Keeping these points in mind, the design decisions we made were:
- A single B-Tree index on the primary key column of the audit table so that it can be joined to easily.
- No GIN/GiST index, but record the change as JSONB so that we have an option to index (if needed partially) temporarily if and when necessary.
- No exception handling blocks – not just because of the impact on TPS, but because a true audit system should not be allowing a change to happen if it cannot record it
- No dynamic SQL because of the heavy impact on TPS. The consequence of this was that we could have a single trigger function for all tables, but that was something that could easily be meta-programmed.
Many variations of the trigger function were benchmarked using pg_bench on production grade hardware and the TPC-B benchmark. The final product incurs about a 30% TPS overhead.
Conservative disk usage
Given that we’re recording any and all changes for majority of our data, we wanted to be conservative in terms of disk usage. Aggressive usage would mean that our SANs would fill up faster requiring more frequent rotations, and logging more data would also adversely impact both TPS and query time. To keep our records lean, we decided to log the bare minimum of just the change set by diffing what has changed. In addition to this, we noted that redundantly re-capturing data about newly inserted rows caused significant amount of bloat, so we only capture the event and not the data itself. The data is only captured once it is updated or deleted. This has the desirable side benefit of reducing the impact on TPS for INSERT statements since the amount of data being recorded is significantly lower.
Easy to deploy and re-deploy
Keeping with the theme of simplicity, we wanted something that didn’t require a lot of configuration and preparation when it came to deployments. To this end, audit_star is written as a command line binary in Go. The binary can be cross-compiled for deployment on any platform/architecture. The tool is also idempotent. Running it twice would have no adverse effects and thus it becomes effective to run it after every deployment. This ensures that if any changes were made to the database structure such as adding new tables, they are also setup for auditing at the same time.
The big challenge when it comes to semi-structured data in an RDBMS is that it is quite unconventional and can be hard to wrap one’s mind around. As mentioned before, audit_star three views (delta, snapshot, and compare) to represent the audited data in a tabular form to ameliorate this and any other confusion that users might have dealing with JSON data in PostgreSQL.

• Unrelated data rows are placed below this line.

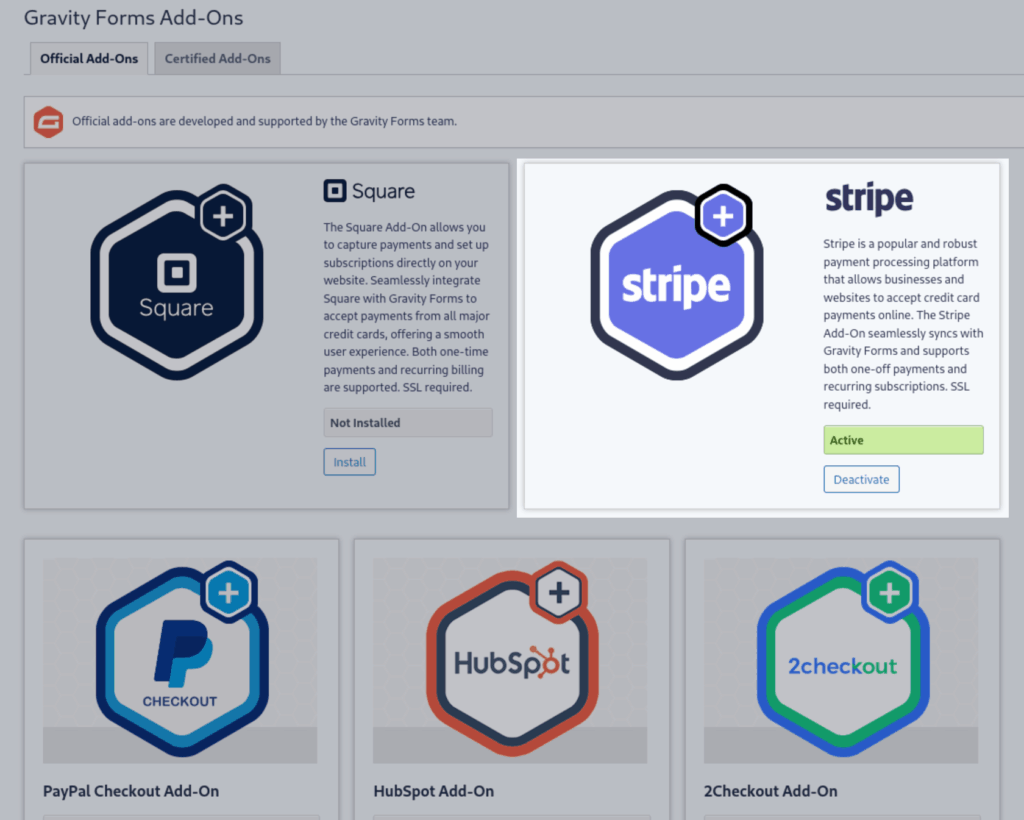 First, grab the Stripe add-on for Gravity Forms in the same place you found the User Registration add-on.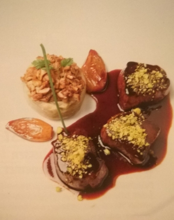 Laat even rusten en serveer met de rest van de onderdelen, nappeer rijkelijk met saus en garneer met gehakte pistache noten.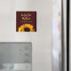 It was a bit smaller than expected, but I was too excited to check dimensions. The product itself send well printed though the grey text is a bit paint. Magnet worked perfectly on my fridge.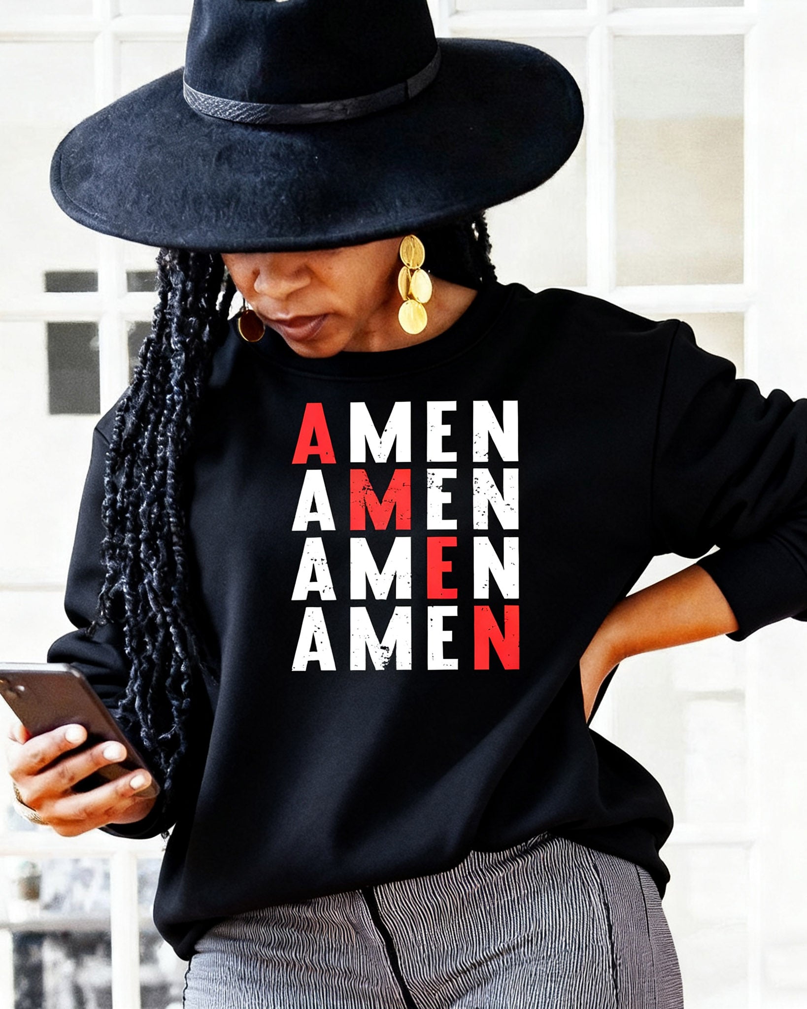 Christian Amen Letters Print Crewneck Long Sleeve Sweatshirt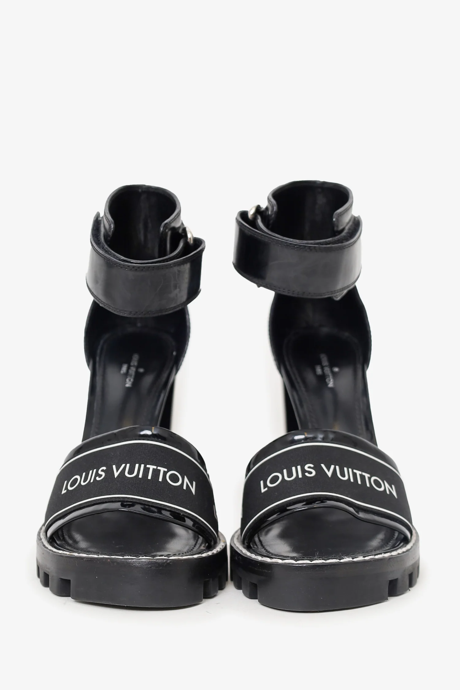 Louis Vuitton Black Glazed Calfskin Star Trail Sandals Size 38.5. Slip on. Pointed-round open toe. Adjustable ankle strap with velcro closure. Tonal and contrast stitching.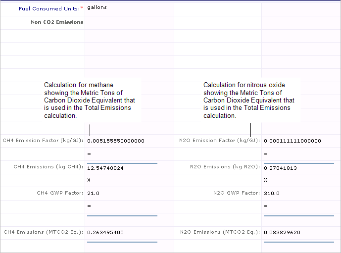 Total emissions is expressed as Metric Tons CO2 that is calculated by adding the metric tons of carbon dioxide emissions with the metric ton carbon dioxide equivalents for methane and nitrous oxide as shown in the following equation: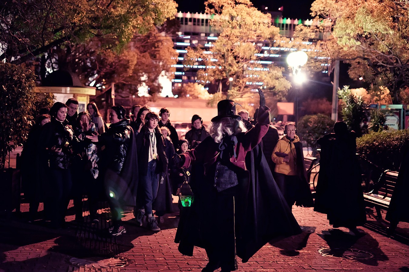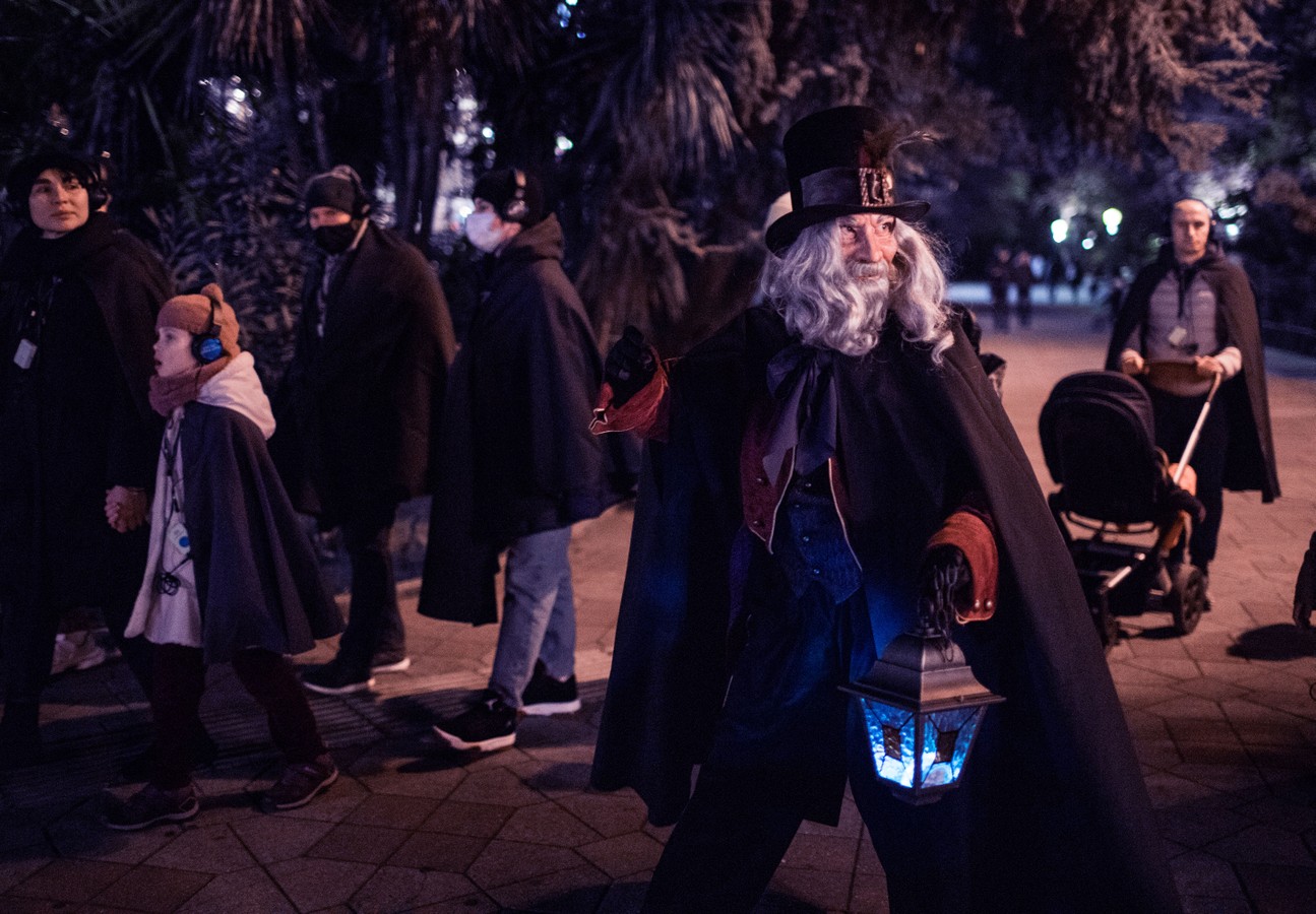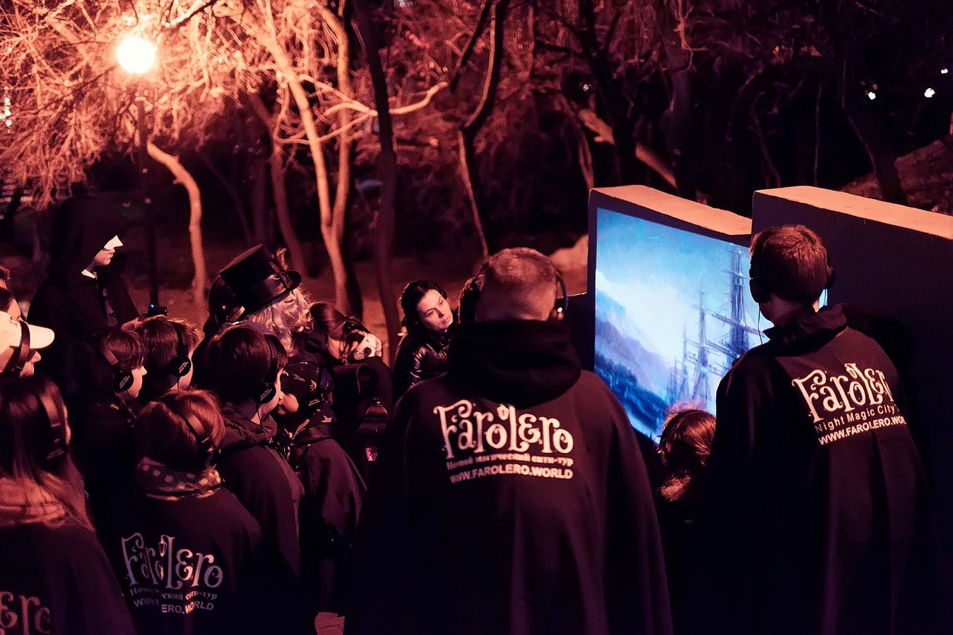 Чтобы по-настоящему ощутить себя в сказочном мире Фаролеро, вы отправитесь гулять по улицам города в плащах-мантиях и шумоподавляющих наушниках. На протяжении всей экскурсии вы будете слышать чарующую музыку и голос фонарщика, которые перенесут вас в другую реальность. Гид расскажет массу удивительных историй, и вы не заметите, как город превратится в декорации к загадочному спектаклю.

We made this tool open-source. The repository is self-documented with instructions on how to setup and deploy. We also have identified candidates for optimization with each new PostgreSQL release such as BRIN indices (PostgreSQL 9.5) for indexing monotonically self-ordered data such as time and transition trigger tables (PostgreSQL 10.0) for reducing the impact of context switches on TPS using statement level triggers. As we continue to maintain and develop this tool, we would love for the community to get involved with this project through feedback and contributions.